Digital Infrastructure and Investment Priorities

Beyond the total volume of aid, an analysis of its sectoral allocation reveals another important trend. Despite the fact that digital technologies are expected to play a central role in the productive transformations of the twenty-first century, and despite the already significant digital divide between countries, financing for digital infrastructure remains limited.

Here, a second methodological issue appears. In the DAC statistical classification system, there is no specific category grouping all cooperation related to the digital domain. As a result, any estimate must be constructed from projects classified under telecommunications and information technology codes.

This measurement gap also matters because closing digital gaps has become part of the broader debate on AI governance and sustainable development.

Using that approximation, ODA directed toward telecommunications networks, internet connectivity, information systems, and other digital infrastructure in recipient countries amounts to between USD 3 and 5 billion.

By contrast, financing for energy infrastructure, considering projects linked to electricity generation, renewable energy, transmission networks, and electrification, ranges between USD 18 and 25 billion. In other words, concessional financing for energy infrastructure is four to six times larger than that devoted to digital infrastructure.

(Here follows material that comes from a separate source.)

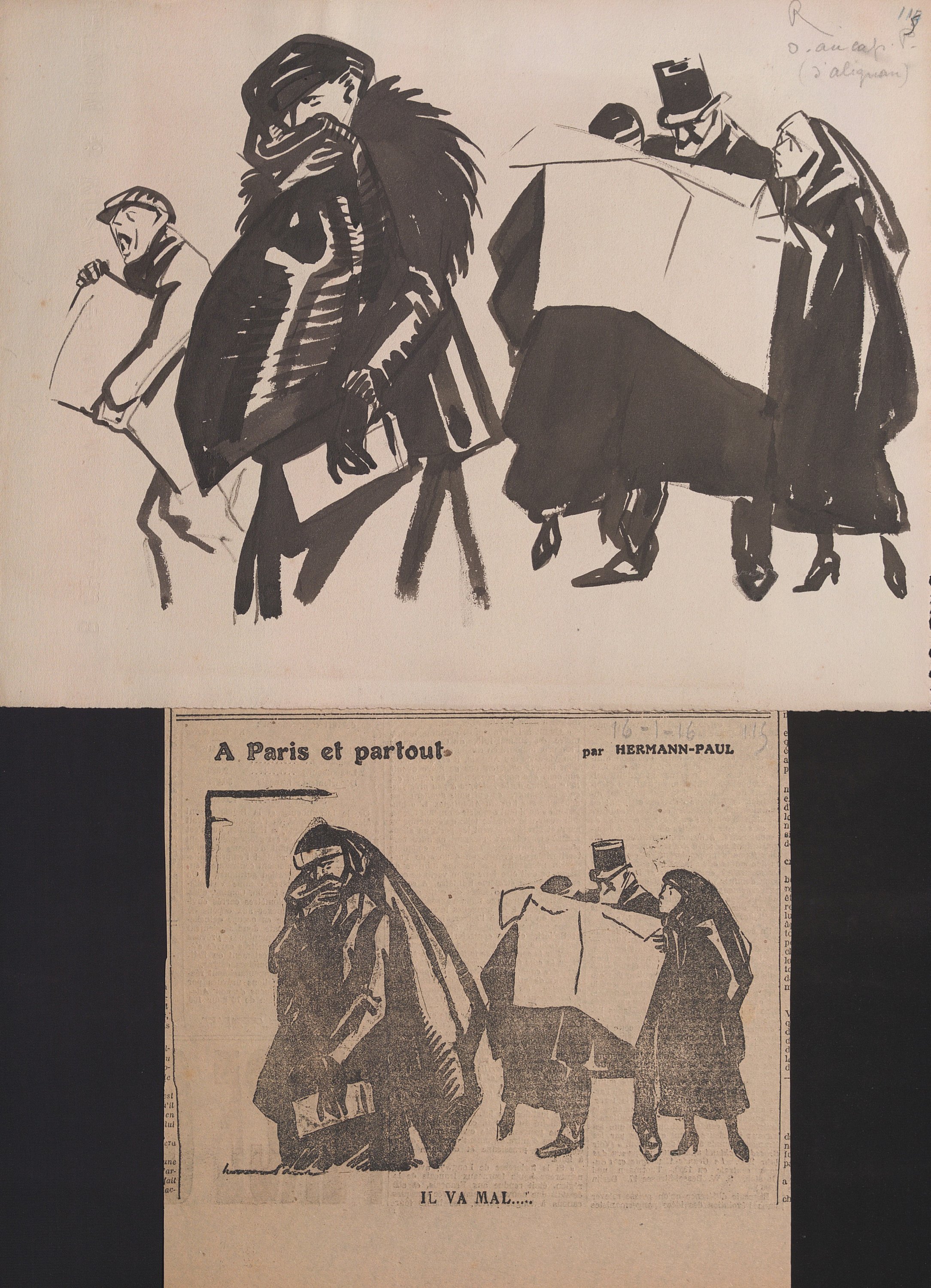 Il s’agit des dessins préparatoires ou maquettes abouties en vue de leur publication dans la presse dont le journal « La Victoire - quotidien révisionniste : organe de la république autoritaire et plébiscitaire » sous la direction de Gustave Hervé paru à partir du 1er janvier 1916.

Implications for International Cooperation

This difference is not accidental. It largely reflects the historical priorities of international cooperation, which have traditionally focused on physical infrastructure tied to the classic industrial model. That raises questions about the type of integration into the global economy that the current aid architecture is promoting.

What emerges is a pattern in which donors reinforce a model in which developing countries continue to serve as suppliers of strategic inputs, energy in this case, to sustain the global economy. In doing so, the system reproduces dynamics reminiscent of the historical integration of developing economies as providers of raw materials within the industrial economic order.

The figures reveal two parallel trends. On the one hand, ODA is responding to fiscal adjustments among DAC member countries, closing a cycle of growth that may remain subdued in a context of global tensions. On the other hand, this contraction does not alter the sectoral structure of development cooperation, which continues to prioritize more traditional infrastructure over investments in digital systems.

In this context, ODA is entering a phase of budgetary retrenchment while continuing to reproduce, within the emerging digital international system, the same structures of inequality that characterized the economic system we are now leaving behind.